«(…) Depois de todo este reboliço, disse Neville, depois de toda esta
correria e reboliço, acabamos por chegar. Trata-se de um grande momento, de
facto, trata-se de um momento solene. Sinto-me como um Lord a entrar nos aposentos
que lhe foram destinados. Aquele é o nosso fundador; o nosso ilustre fundador;
e está colocado no átrio com um dos pés levantados. Um ar austero e imperial paira
por sobre estes pátios. As salas da frente têm as luzes acesas. Ali, devem ser
os laboratórios; ali a biblioteca. Será lá que explorarei as certezas do latim,
que me sentirei à vontade nas frases bem construídas que lhe são
características, e pronunciarei na perfeição os hexâmetros sonoros de Virgílio
e Lucrécio; e cantarei com grande paixão os amores de Catulo, tendo nas mãos um
grande livro, um in-quarto com margens. Para mais, deitar-me-ei nos campos, por
entre as ervas. Deitar-me-ei com os meus amigos por baixo dos ulmeiros
imponentes. Reparem, lá está o director. Bom, o certo é que ele vem
despertar o meu sentido do ridículo. É esguio em demasia. Para mais, é
demasiado escuro e brilhante. Parece as estátuas dos jardins. E, no lado
esquerdo do colete, daquele colete esticado, sem uma ruga, pende um crucifixo.
- O velho Crane, diz Bernard, levanta-se para nos cumprimentar. O velho Crane,
o director, tem um nariz que lembra uma montanha ao pôr do Sol, e a fenda azul
que lhe enfeita o queixo é como uma ravina coberta de árvores a quem tivessem
lançado o fogo. Baloiça-se ligeiramente, pronunciando palavras imponentes e
sonoras. Adoro palavras imponentes e sonoras. Contudo, aquilo que ele diz é
demasiado sincero para ser verdadeiro. Mesmo assim, está convencido de que fala
verdade. E, quando abandona a sala cambaleando pesadamente de um lado para o
outro, depois do que passa por uma porta de vaivém, todos os professores lhe
seguem o exemplo, cambaleando pesadamente de um lado para o outro, passando a
porta de vaivém. Trata-se da nossa primeira noite na escola, longe das nossas
irmãs.
- Este é o meu primeiro dia na
escola, disse Susan, longe do meu pai, longe de casa. Tenho os olhos inchados;
as lágrimas fazem-me arder os olhos. Odeio o cheiro a pinheiro e a linóleo.

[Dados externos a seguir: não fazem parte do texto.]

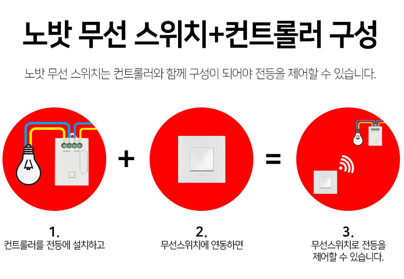 - 문제가 발생할 때 제가 없어도 가족들이 사용할 수 있어야 하기 때문에 컨트롤러 사용되는 것은 제외하고 물리 스위치 형태로 구성하였습니다. (아래와 같은 방식의 리모컨, 무선스위치는 처음부터 제외)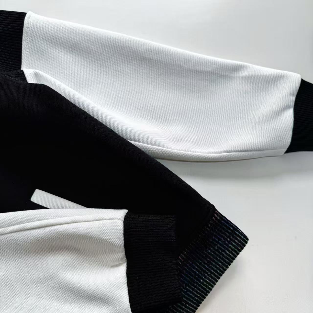 材料選用 100% 進口紗線,580g 賽爾棉潮牌衛衣料搭配 480g 精梳棉雙股珠地,觸感柔軟厚實,透氣又挺括,穿上身舒適不悶熱。領口、袖口與下擺的斑斕羅紋設計,色彩跳躍卻不雜亂,為整體增添一抹玩味。版型做工一絲不苟,從車線到剪裁都散發專櫃級質感,日常通勤到街頭出遊都能完美駕馭。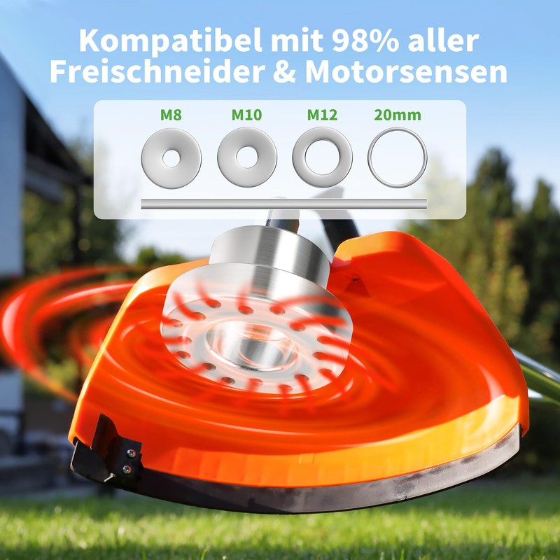 • Easy to use: our weed brush is suitable for most trimmer models. Simply place our brush cutter head on the top screw of the straightener with straight shaft and attach it with washer and nut. Tips: The head thread is a left-hand thread for left-hand mowers and can be used flexibly for both amateurs and professionals up to 10,000 RPM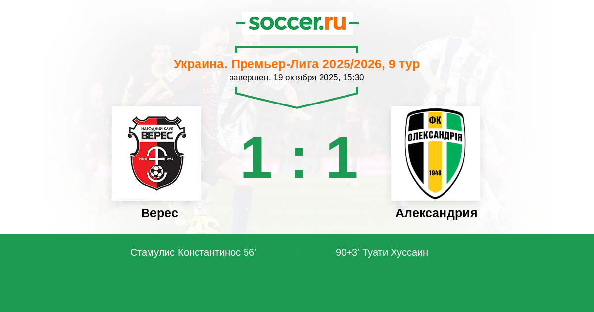 90+3' (1:1) Туати Хуссаин (24) (Булеца Сергей (8))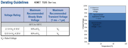 (3) 改用钽聚合物电容:上述介绍的是价格较低的钽二氧化锰电容,它具有较多致命弱点,以致在某些场合被禁用。而钽聚合物电容除了保留钽二氧化锰电容的诸多优点外,其失效风险大大降低。图3示出了钽聚合物电容的推荐使用电压,较钽二氧化锰电容其电压承受能力明显提升。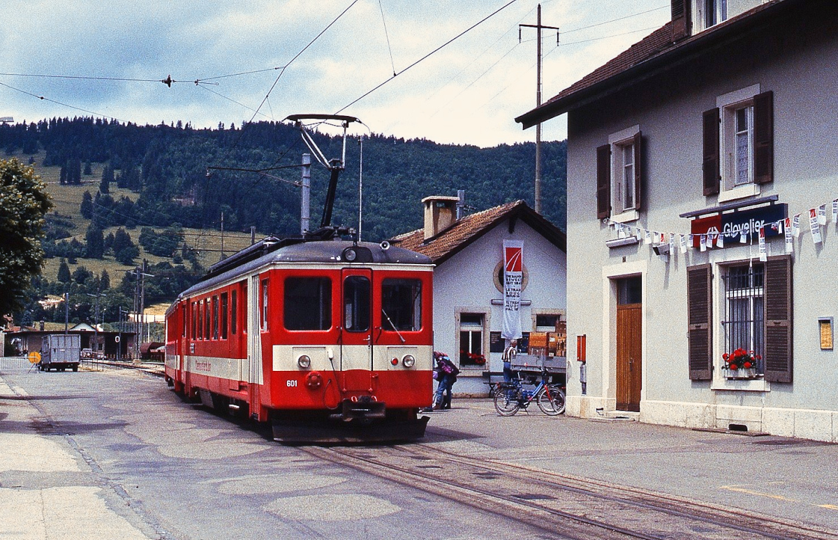 Nachdem Stefan hier einige Bilder der  alten  und  neuen  Abfahrtsstelle der CJ in Glovelier gezeigt hat, möchte ich das mit einigen Fotos aus dem Sommer 1997 ergänzen: BDe 4/4 I 601 auf dem Bahnhofsvorplatz

Odeio os arbustos batidos pelo vento e os azulejos da casa de banho. Odeio os
ditos divertidos e o olhar espantado de todos. Deixei o meu esquilo e as minhas
pombas a um rapaz, para que cuidasse dos animais. A porta da cozinha bate com
força, e entre as folhas elevam-se disparos. É Percy, disparando contra as
gralhas. Tudo aqui é falso; tudo é prostituído. Vestidas de sarja castanha,
Rhoda e Jinny estão sentadas do outro lado, a olhar para Miss Lambert, sentada
por baixo de um quadro onde se vê a rainha Alexandra a ler. Vê-se ainda um rolo
azul. Trata-se do bordado de alguma das raparigas mais velhas. Se não aperto os
dentes, se não cravo os dedos no lenço, por certo que começo a chorar. - A luz
vermelha, disse Rhoda, no anel de Miss Lambert move-se de um lado para o outro
na mancha negra existente na página branca do livro de Orações. É uma luz avinhada,
amorosa. Agora que as nossas malas já foram desfeitas e tudo está nos
dormitórios, sentamo-nos muito quietas por baixo de mapas de todo o mundo. Há
secretárias com poços cheios de tinta. Aqui, vamos ter de passar afazer
exercícios a tinta. Porém, aqui ninguém sou. Não tenho rosto. Esta gente, vestida
de sarja castanha, rouba-me a identidade. Somos todas frias, indiferentes.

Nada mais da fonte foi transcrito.